- Location of Smithfield in Fulton County, Illinois.
- Location of Illinois in the United States
- Coordinates: 40°28′28″N 90°17′42″W﻿ / ﻿40.47444°N 90.29500°W
- Country: United States
- State: Illinois
- County: Fulton
- Township: Cass

Area
- • Total: 0.46 sq mi (1.20 km^{2})
- • Land: 0.46 sq mi (1.20 km^{2})
- • Water: 0 sq mi (0.00 km^{2})
- Elevation: 630 ft (190 m)

Population (2020)
- • Total: 191
- • Density: 411.1/sq mi (158.72/km^{2})
- Time zone: UTC-6 (CST)
- • Summer (DST): UTC-5 (CDT)
- ZIP Code(s): 61477
- Area code: 309
- FIPS code: 17-70226
- GNIS ID: 2399831
- Wikimedia Commons: Smithfield, Illinois

= Smithfield, Illinois =

Smithfield is a village in Fulton County, Illinois, United States.

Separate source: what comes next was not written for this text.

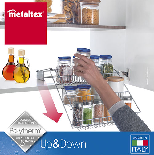 Polička na kořenky se třemi úrovněmi a systémem sklopení, který nabízí přístup k výběru požadovaného koření. Stojan na kořenky udržuje všechna koření viditelná a přehledně uspořádaná v jednom prostoru, šířka poličky pro uložení kořenek je 29 cm. Součástí balení jsou držáky na police a montážní materiál. Výsuvný stojan na kořenky Up&Down 3 police 33 x 28 x 21 cm, šedá je vyroben z materiálu s povrchovou úpravou polytherm. Polytherm je dvojitá povrchová úprava odolná proti korozi a odpuzující prach.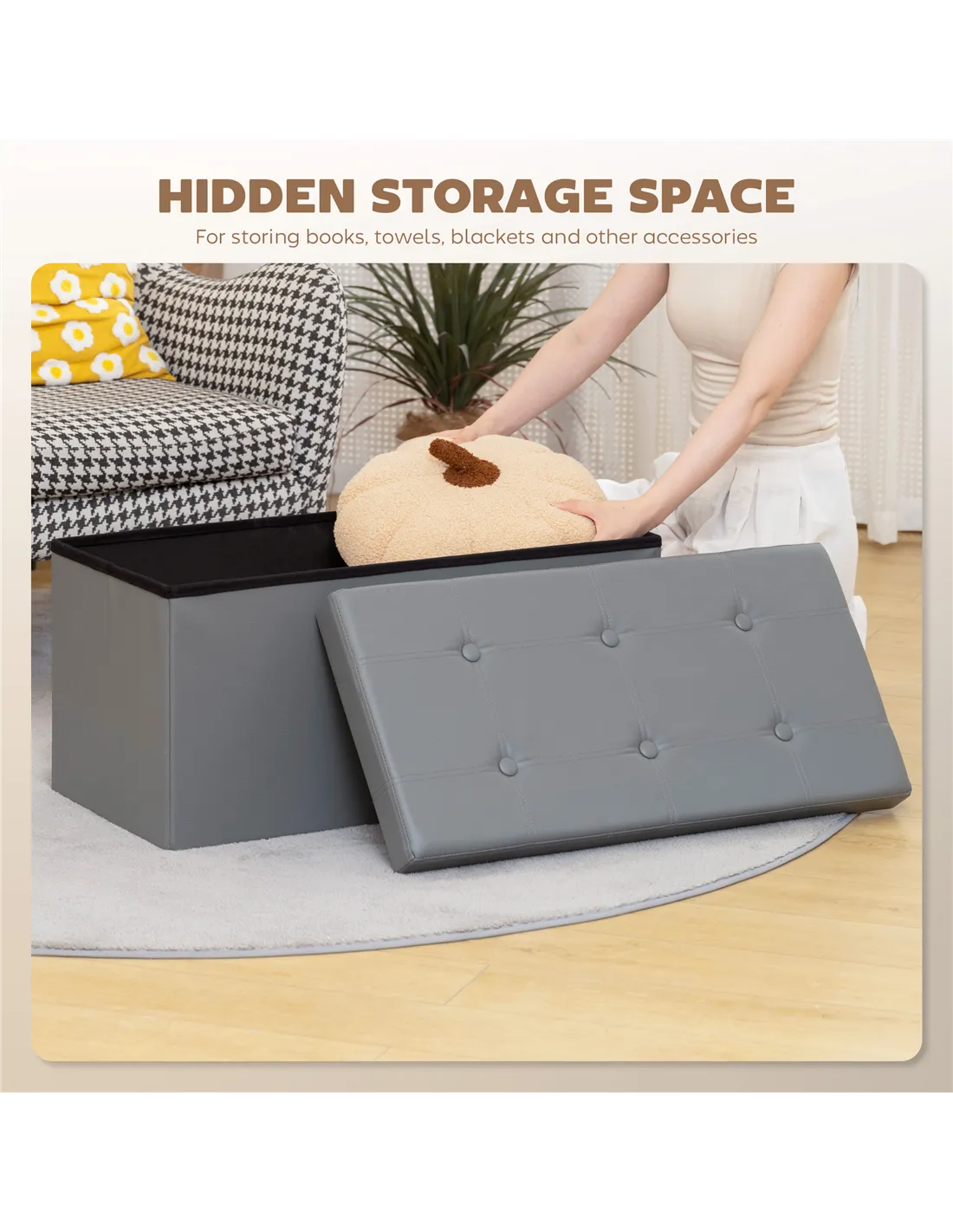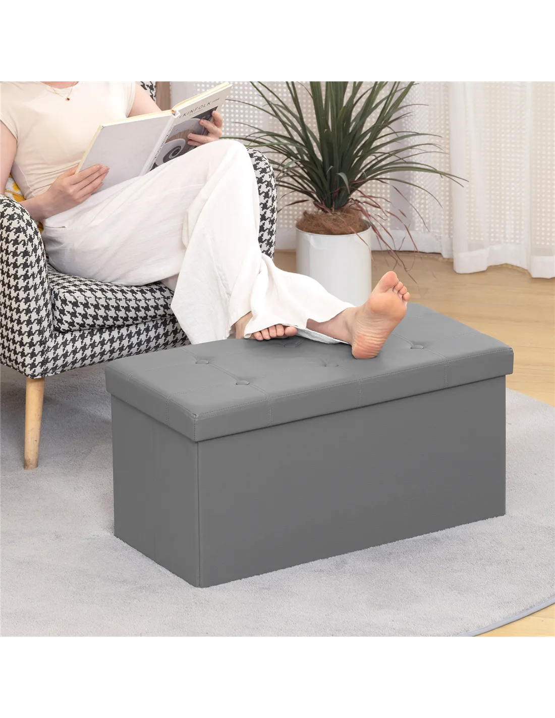 This HOMCOM Storage Ottoman Bench offers an effective solution for decluttering any living space. Its generous 89-litre capacity provides ample room to store blankets, cushions, or household items, creating a more organised environment. Fashioned from elegant grey PU leather with classic button tufting, this ottoman delivers a plush and comfortable seating experience. Use it versatilely as a supportive foot rest, a practical end-of-bed bench, or convenient additional seating for guests. Designed for modern homes, it folds flat in seconds without tools, ensuring straightforward assembly and effortless storage when not needed. Manufactured with UK standard flame-retardant materials, this item provides an essential layer of safety. Position this functional bench in your living room, bedroom, or entryway to combine practicality with sophisticated style.

The population was 191 at the 2020 census. The village is named in honor of Dr. Joseph N. Smith.

==History==

Smithfield was founded in 1868.

Much of Smithfield was destroyed by fire in 1900.

Smithfield was once serviced by TP&W (Toledo, Peoria And Western Railway) before sold to KJRY (Keokuk Junction Railway).

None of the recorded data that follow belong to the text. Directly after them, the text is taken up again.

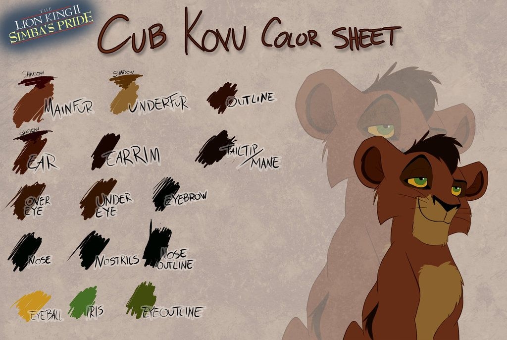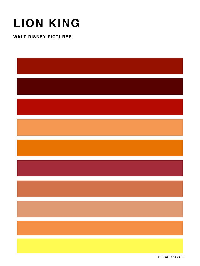 The main color palette of The Lion King consists of earthy tones such as browns, greens, and yellows to reflect the natural environment of the African savannah. These colors are often complemented with pops of vibrant reds, oranges, and purples to add depth and contrast to the scenes.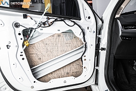 • Самая легкая шумоизоляция автомобиля от ведущих брендов. Она обеспечивает оптимальный результат при однослойной обработке кузова автомобиля. Материал обладает одновременно как шумо-, так и виброизоляционными свойствами, что позволяет укладывать материал в один слой, вместо двух, используемых при многослойной классической шумоизоляции автомобиля. Также мы дополнительно обрабатываем двери акустическим материалом для снижения скрипов и увеличения акустического комфорта.
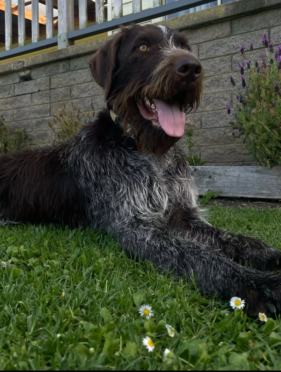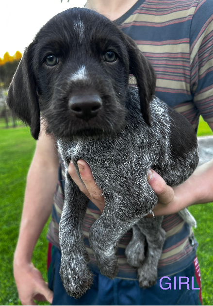 1 beautiful male GWP (German Wirehaired Pointer) puppy left out of a litter of 9, looking for a loving home to call his own.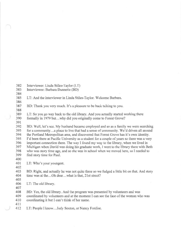 Barbara Dunnette oral history recording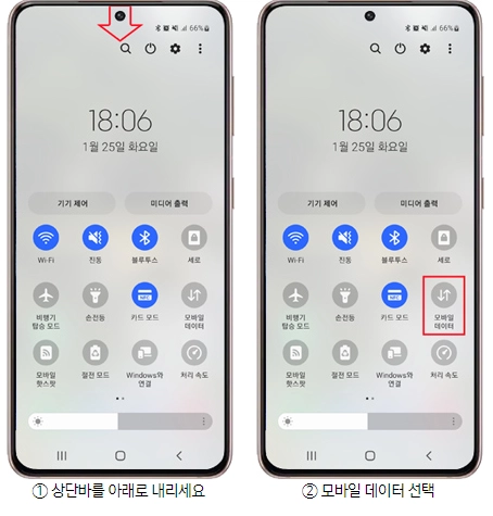 1. 상단 알림창을 아래로 내려 모바일 데이터 버튼을 눌러 켜주세요.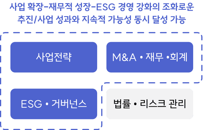 기업 성장 및 가치 제고 경험재무/회계 및 법률적 전문성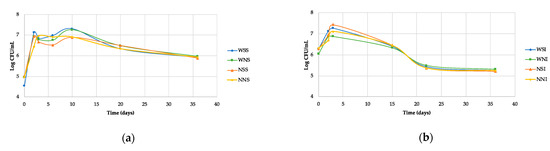 Total yeast population during spontaneous (a) and inoculated (b) microvinification trials of Figure 2 (WSS and WSI), washed grapes without SO2 (WNS and WNI), non-washed grapes with SO2 (NSS and NSI), non-washed grapes without SO2 (NNS and NNI).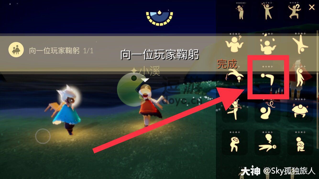 完成方法:点击屏幕上方中间动作栏 找到鞠躬动作 面对玩家 点击并完成鞠躬即可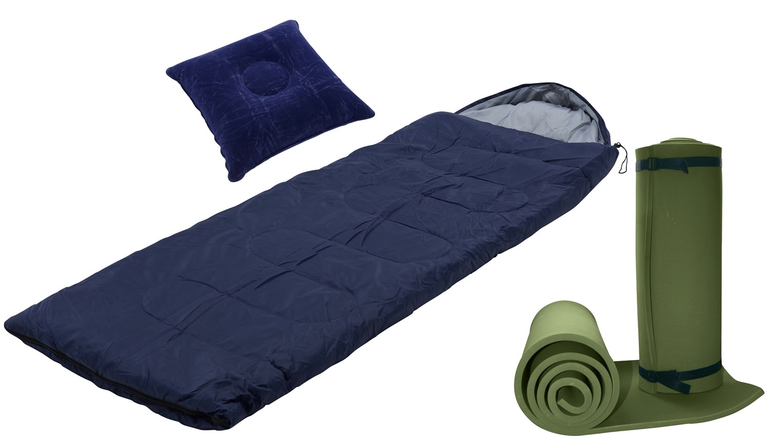 Kit de couchage comprenant un matelas matmouss épais de 1,2 cm, un sac de couchage (température confort +10°C / température limite +1°C) et un oreiller floqué. Fourni avec une housse de rangement.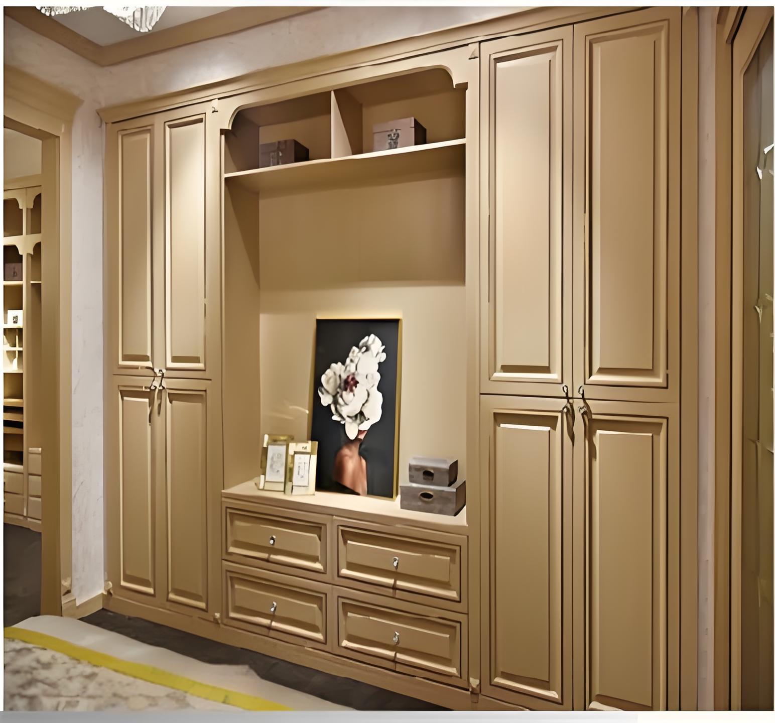 客厅/卧室:ENF级颗粒板柜体+PET肤感门板。

Smithfield once had a grocery story, Bank, Hardware Store and Railroad Depot. The Bank is now the Historic Museum as well as the Red Brick School.

The Village once contained a Jail. The old jail cells can be seen in the Red Brick School parking lot.

==Geography==
Smithfield is located in western Fulton County. Illinois Route 95 forms the northern edge of the village; the highway leads east 6 mi to Cuba and west 5.5 mi to Marietta. Lewistown, the county seat, is 12 mi to the southeast via IL 95 and IL 97.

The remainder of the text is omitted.